= Duke of Aiguillon =

French aristocratic title

Coat of arms of the Vignerot du Plessis family, quartering the arms of Vignerot and of du Plessis de Richelieu

Duke of Aiguillon (French: duc d'Aiguillon) was a title of French nobility in the peerage of France, first created in 1599 by Henry IV of France for Henry of Lorraine, son of Charles, Duke of Mayenne. The title takes its name from the town of Aiguillon.

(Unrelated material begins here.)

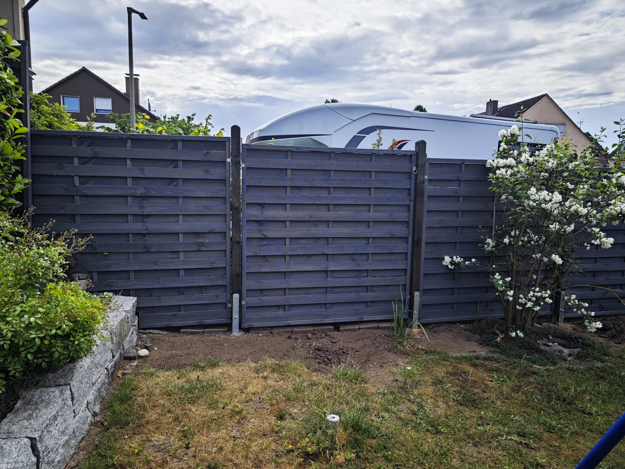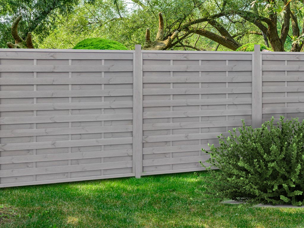 La clôture pare-vue est pré-lasée en gris, ce qui lui confère non seulement une belle couleur mais aussi une protection contre les intempéries. - Équipement

==List of dukes of Aiguillon, 1599—1789==

| From | To | Duke of Aiguillon | Relationship to predecessor |
|---|---|---|---|
| 1599 | 1621 | Henry of Lorraine, Duke of Mayenne (1578-1621) | Son of Charles, Duke of Mayenne, whom he succeeded in 1611 |
| 1634 | 1635 | Antoine de l'Age, duc de Puylaurens (1602–1635) | The Duchy of Aiguillon was granted to him under the title of Duke of Puylaurens |
| 1638 | 1675 | Marie Madeleine de Vignerot du Plessis (1604-1675) | Cardinal Richelieu purchased the Duchy of Aiguillon in 1638 and gave it to Marie Madeleine, the daughter of René de Vignerot and his wife Françoise du Plessis, the sister of Cardinal Richelieu |
| 1675 | 1704 | Thérèse de Vignerot du Plessis (d. 1704) | Niece of Marie Madeleine |
| 1731 | 1750 | Armand-Louis de Vignerot du Plessis (d. 1750) | Grandnephew of Thérèse |
| 1750 | 1788 | Emmanuel-Armand de Vignerot du Plessis-Richelieu (1720-1788) | Son of Armand-Louis |
| 1788 | 1789 | Armand-Désiré de Vignerot du Plessis-Richelieu (1750-1800) | Son of Emmanuel-Armand |

The last Duke of Aiguillon supported the early stages of the French Revolution and became a general of the French Revolutionary Army, but had to flee at the time of the Reign of Terror.